**What to work on:** Only the lines from the one containing "the front cabin" to the end of the material belong in your answer. Please copy them word for word.

(Beginning of Source material)

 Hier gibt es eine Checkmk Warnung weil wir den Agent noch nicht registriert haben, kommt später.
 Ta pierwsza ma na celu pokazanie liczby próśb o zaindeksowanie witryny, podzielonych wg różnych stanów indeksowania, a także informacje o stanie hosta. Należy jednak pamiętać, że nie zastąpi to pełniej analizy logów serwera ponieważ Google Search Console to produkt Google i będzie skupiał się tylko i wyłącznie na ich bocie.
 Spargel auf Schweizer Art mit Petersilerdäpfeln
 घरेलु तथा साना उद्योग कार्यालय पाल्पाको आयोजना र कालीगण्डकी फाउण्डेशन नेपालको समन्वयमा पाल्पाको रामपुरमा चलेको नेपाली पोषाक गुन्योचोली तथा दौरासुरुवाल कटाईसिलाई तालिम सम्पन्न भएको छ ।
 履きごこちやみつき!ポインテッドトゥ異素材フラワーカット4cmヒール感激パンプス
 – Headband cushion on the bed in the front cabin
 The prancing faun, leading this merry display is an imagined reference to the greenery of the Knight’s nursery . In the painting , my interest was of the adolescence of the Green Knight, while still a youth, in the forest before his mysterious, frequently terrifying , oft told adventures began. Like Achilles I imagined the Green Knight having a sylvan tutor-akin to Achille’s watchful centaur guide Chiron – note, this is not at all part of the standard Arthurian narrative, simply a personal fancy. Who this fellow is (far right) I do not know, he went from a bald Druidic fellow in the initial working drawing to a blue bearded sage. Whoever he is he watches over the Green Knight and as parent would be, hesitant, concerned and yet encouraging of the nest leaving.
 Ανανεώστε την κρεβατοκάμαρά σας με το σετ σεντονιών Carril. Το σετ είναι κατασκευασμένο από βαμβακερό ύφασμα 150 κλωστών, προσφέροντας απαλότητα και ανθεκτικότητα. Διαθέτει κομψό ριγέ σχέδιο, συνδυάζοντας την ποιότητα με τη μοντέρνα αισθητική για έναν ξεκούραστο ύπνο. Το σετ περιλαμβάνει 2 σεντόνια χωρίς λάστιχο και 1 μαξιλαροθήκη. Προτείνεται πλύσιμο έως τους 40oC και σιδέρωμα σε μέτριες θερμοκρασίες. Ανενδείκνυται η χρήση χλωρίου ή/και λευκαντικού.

(End of Source material)

**Task response:**
 – Headband cushion on the bed in the front cabin
 The prancing faun, leading this merry display is an imagined reference to the greenery of the Knight’s nursery . In the painting , my interest was of the adolescence of the Green Knight, while still a youth, in the forest before his mysterious, frequently terrifying , oft told adventures began. Like Achilles I imagined the Green Knight having a sylvan tutor-akin to Achille’s watchful centaur guide Chiron – note, this is not at all part of the standard Arthurian narrative, simply a personal fancy. Who this fellow is (far right) I do not know, he went from a bald Druidic fellow in the initial working drawing to a blue bearded sage. Whoever he is he watches over the Green Knight and as parent would be, hesitant, concerned and yet encouraging of the nest leaving.
 Ανανεώστε την κρεβατοκάμαρά σας με το σετ σεντονιών Carril. Το σετ είναι κατασκευασμένο από βαμβακερό ύφασμα 150 κλωστών, προσφέροντας απαλότητα και ανθεκτικότητα. Διαθέτει κομψό ριγέ σχέδιο, συνδυάζοντας την ποιότητα με τη μοντέρνα αισθητική για έναν ξεκούραστο ύπνο. Το σετ περιλαμβάνει 2 σεντόνια χωρίς λάστιχο και 1 μαξιλαροθήκη. Προτείνεται πλύσιμο έως τους 40oC και σιδέρωμα σε μέτριες θερμοκρασίες. Ανενδείκνυται η χρήση χλωρίου ή/και λευκαντικού.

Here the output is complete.